In spite of all these objections, the gymnasium developed from year to year. Youth from all levels of society in the city and in its surroundings, streamed to study there.

The gymnasium's beginnings were where the tar pit was, near the Mikveh and the stream, rzeka, bordering the Jewish area that extended, like a chain, from Synagogue Street and past the heders, the Hassidic houses of prayer, and the Mikveh. The red building provoked and aroused the wrath of the Gur Hassidim. They came enrnasse, took over the building and used it for the city “Talmud Torah.” From then on, the “Judaism” circle was closed once again. Actually, the “Talmud Torah” was no longer what it had been in previous years. There too, secular subjects were taught. The melamdim even dared to make a strike there. But the “Talmud Torah” remained an institution in which the melamdim were forced to suffer the heavy yoke of the despotic beadles.

In its later years and until the very end, the gymnasium housed in the Pizicz building, in a Gentile neighborhood, next to the two Polish high schools. Girls and boys studied together in the Jewish gymnasium.

The gymnasium's first years were honeymoon years. Under the directorship of Haim Millenband and the teachers: Goldberg, Merker, Wohlfrost, Czerski and others, the students, teachers, and parents comprised a tight unit. In time other teachers were accepted. The institution expanded and tried to obtain state benefits which, in the end, it did receive. But slowly, the atmosphere in the gymnasium changed. From a general, cultural point of view, the gymnasium undoubtedly was an achievement. Children from 0 levels of the Jewish population obtained an education and, to a certain degree, in Jewish studies, as well. This would not have been possible except for the gymnasium. Some students contained their education at Polish universities, and abroad. The entire course of life of the city's youth drastically changed during the twenty two years of the gymnasium's existence. Many of its students would find difficulty remembering that the gymnasium was a bridge between the heder and the university.

Officially, the gymnasium was under the supervision of the Polish Ministry of Education.
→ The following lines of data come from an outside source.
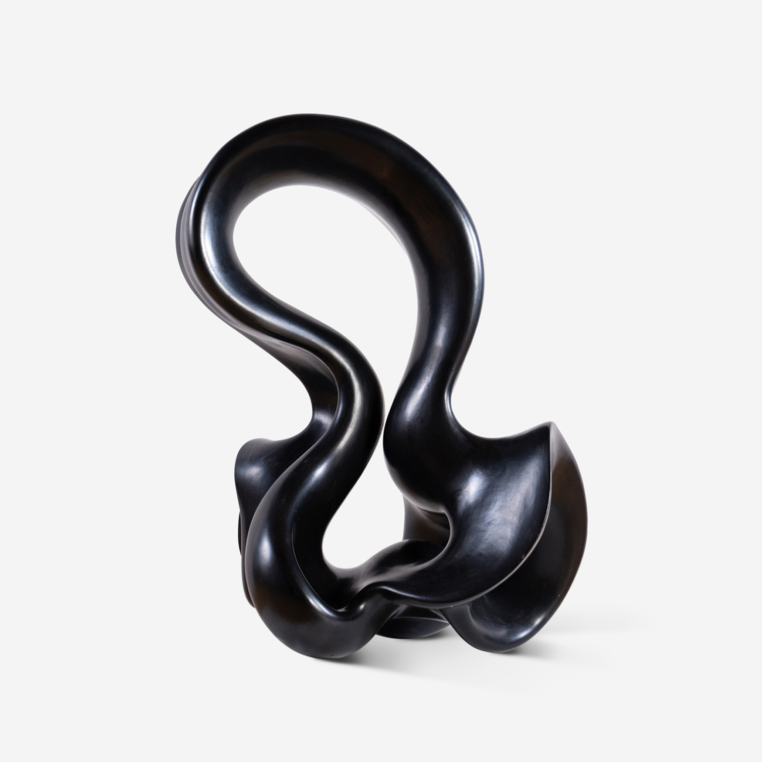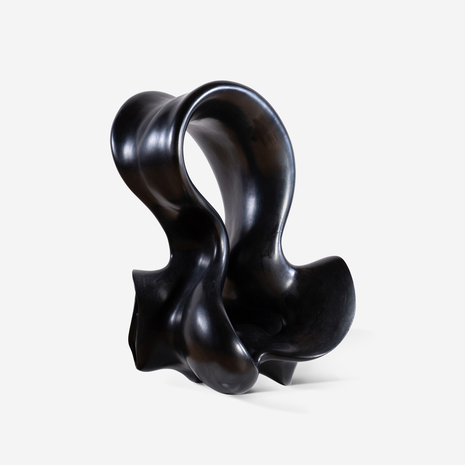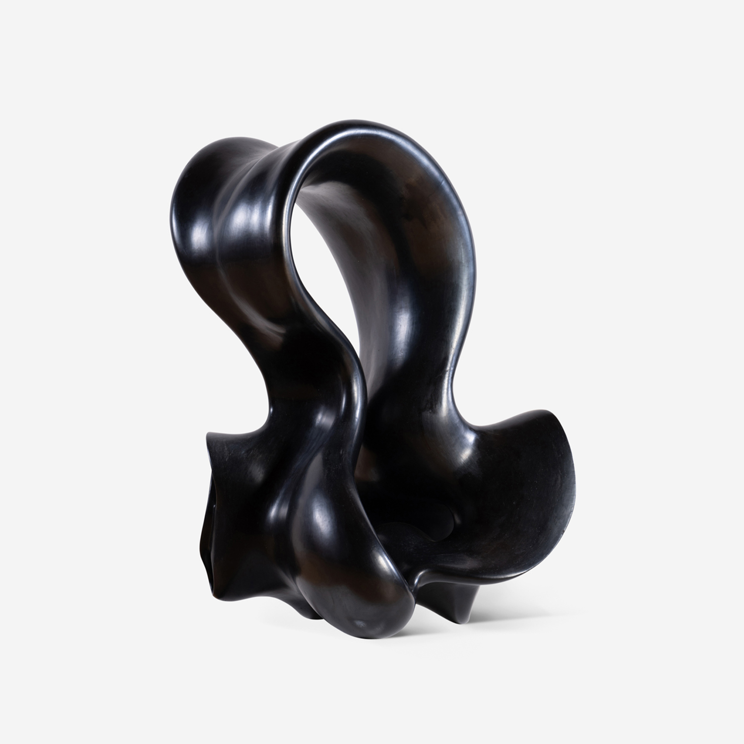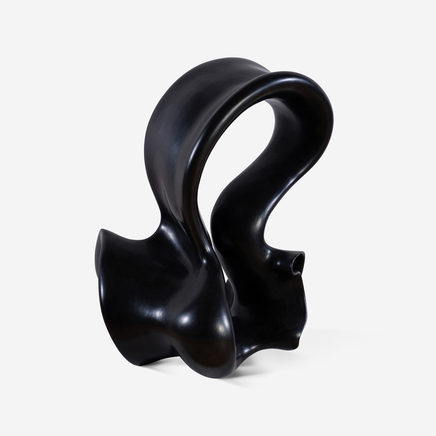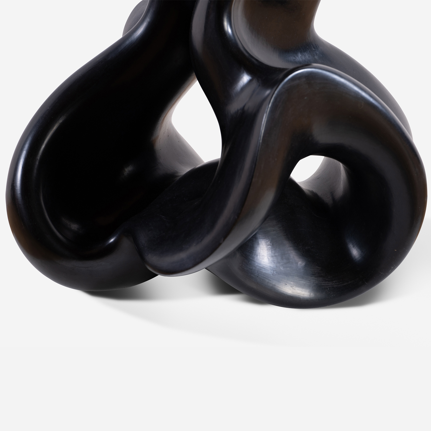 Carbon impregnated earthenware, coil-built, burnished, and reduction-fired in wood kiln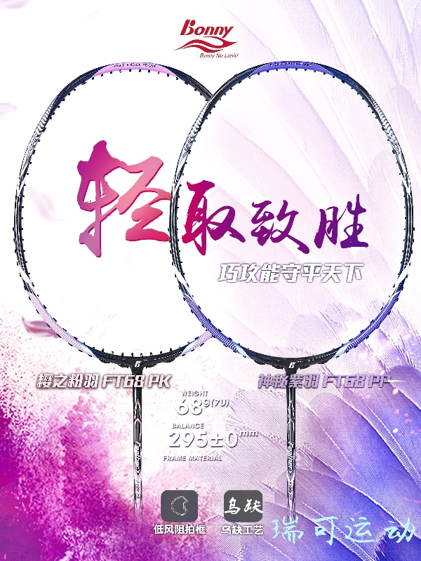 Bonny Polyu lack process new purple 68P powder 68K single double badminton racket high cost
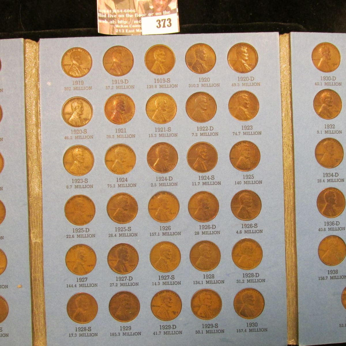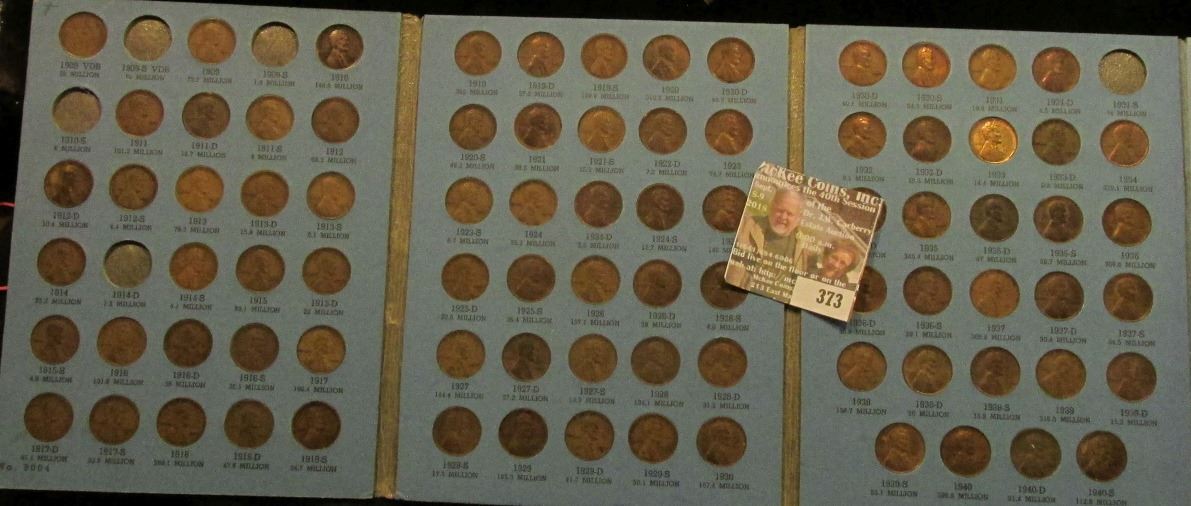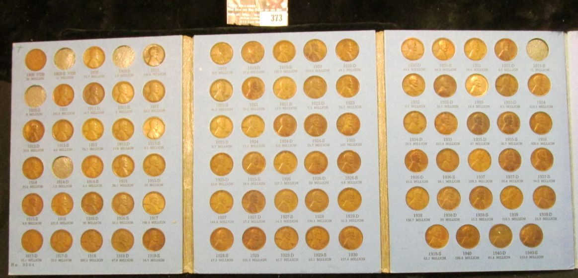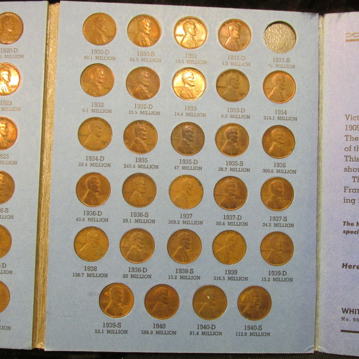 Partial set of 84 different Lincoln Cents 1909-40 grades up to AU. Missing only the 1909 S, 09 S VDB, 10 S, 14 D, 22 P, and 31 S. Stored in a blue Whitman folder.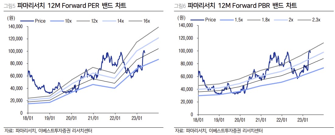 이베스트투자증권은 18일 파마리서치에 대해 1분기 실적을 통해 주요 투자포인트인 리쥬란 의료기기와 코스메틱 매출의 고성장을 확인했고, 향후에도 투자자들의 관심은 리쥬란 수출증가율과 코스메틱 매출증가율의 지속기간에 집중될 것으로 예상한다며 투자의견 매수를 유지하고 목표주가를 기존 11만 원에서 14만 원으로 27.27% 상향 조정했다. 전 거래일 기준 현재 주가는 11만8700원이다.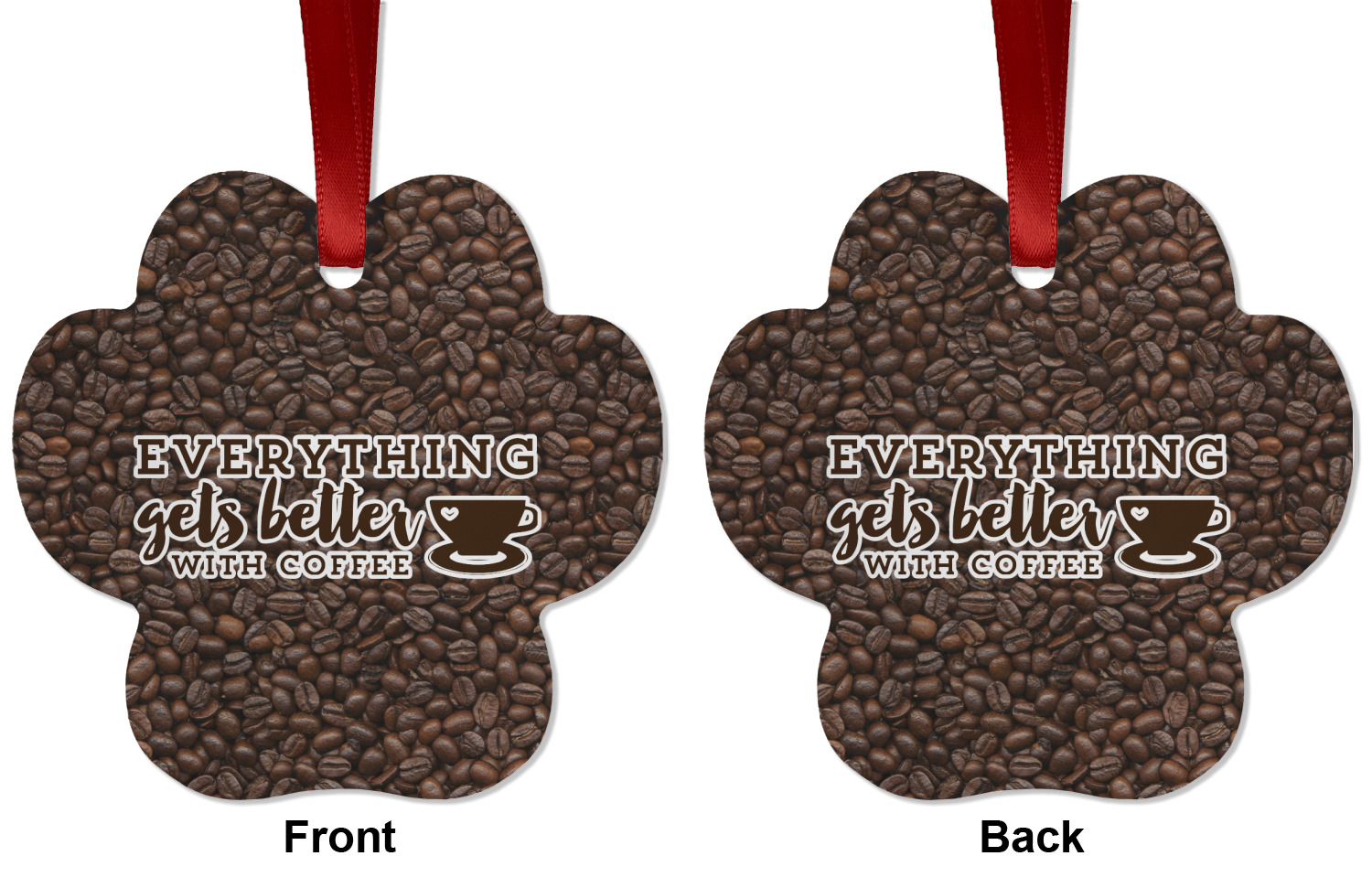 This design has a fun realistic picture of coffee beans for the background. On top of that is a fun quote saying that "everything gets better with coffee." The coordinating design has the words "coffee addict." There are also plenty of other coffee quotes to choose from in our design center.

It, in fact, served as a center for the Jewish cultural and social institutions. “Hashomer Hatzair” head- quarters were in this building. “Wizo,” The Jewish Women's Federation, the drama club, lectures, all theatre performances, meetings of all the political parties, social gatherings, Keren Kayemeth (Jewish National Fund) bazaars and other events - were all held in its halls.

There was a dormitory for external students right next to the gymnasium. The city's entire concepts and ways of life had changed so that even the children of religious and of non-progressive families, for whom the gymnasium had once been “trayf” (tabu),attended this school.

Yizhak Hirschhorn was its last principal and also taught there.